**Records:**

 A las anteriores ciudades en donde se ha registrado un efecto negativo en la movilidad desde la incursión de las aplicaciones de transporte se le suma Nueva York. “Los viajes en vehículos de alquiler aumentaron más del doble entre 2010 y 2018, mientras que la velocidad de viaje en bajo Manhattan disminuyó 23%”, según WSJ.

--

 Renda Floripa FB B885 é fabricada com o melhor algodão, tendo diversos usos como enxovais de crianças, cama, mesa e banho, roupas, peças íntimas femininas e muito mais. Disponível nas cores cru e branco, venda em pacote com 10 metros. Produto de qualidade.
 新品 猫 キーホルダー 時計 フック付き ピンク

**What the exercise asks:** From the records above, reproduce exactly the lines from the one with "Renda Floripa FB" to the one with "新品 猫 キーホルダー 時計 フック付き ピンク", both included, and no others.

**Response:**
 Renda Floripa FB B885 é fabricada com o melhor algodão, tendo diversos usos como enxovais de crianças, cama, mesa e banho, roupas, peças íntimas femininas e muito mais. Disponível nas cores cru e branco, venda em pacote com 10 metros. Produto de qualidade.
 新品 猫 キーホルダー 時計 フック付き ピンク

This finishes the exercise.